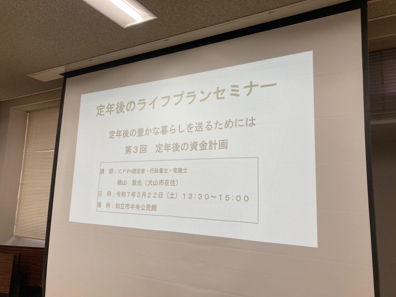 3月22日(土)、今回の内容は終活全般ではなく、豊かな老後に向けた資金計画について説明しました。
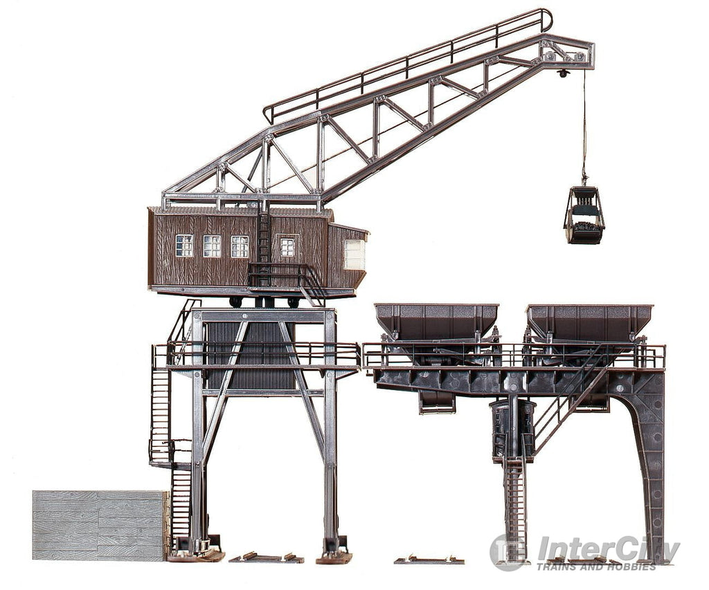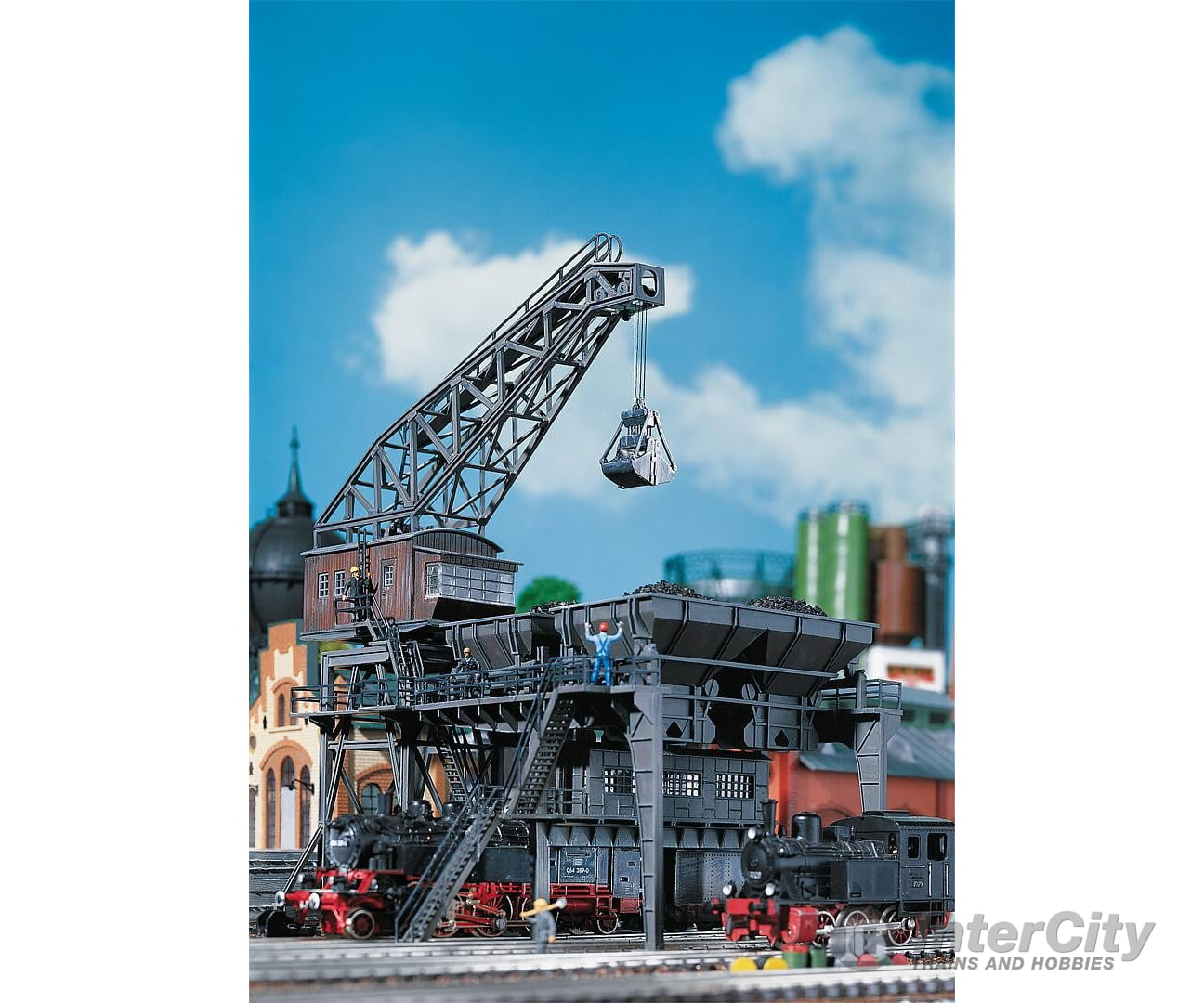 Prototypical coaling facility complete with concrete blockhouse, two coal conveyors (170 mm each), gantry crane and a bag of »coal« as realistic decor.
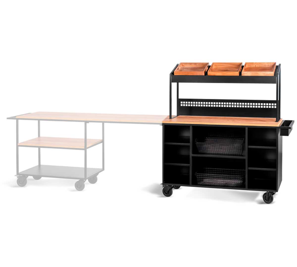 Este carro buffet representa una solución premium dentro de los sistemas modulares de presentación. Su diseño no solo organiza el espacio, sino que mejora la percepción del cliente, eleva el servicio y permite adaptarse a diferentes formatos de buffet con una imagen profesional y moderna.
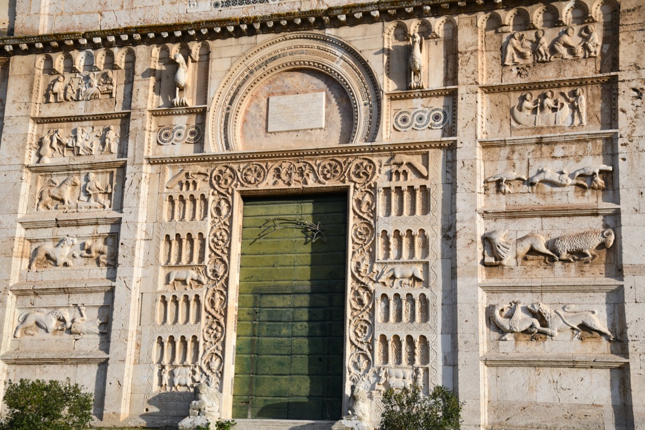 San Pietro extra moenia a Spoleto, particolare della decorazione della facciata. Foto Barbara Antonetto
•••••
* TASK GOAL *
Please print the lines exactly, from the top of the material through the line with "Prototypical coaling facility", and omit the pictures.

* TASK RESULT *
 3月22日(土)、今回の内容は終活全般ではなく、豊かな老後に向けた資金計画について説明しました。
 Prototypical coaling facility complete with concrete blockhouse, two coal conveyors (170 mm each), gantry crane and a bag of »coal« as realistic decor.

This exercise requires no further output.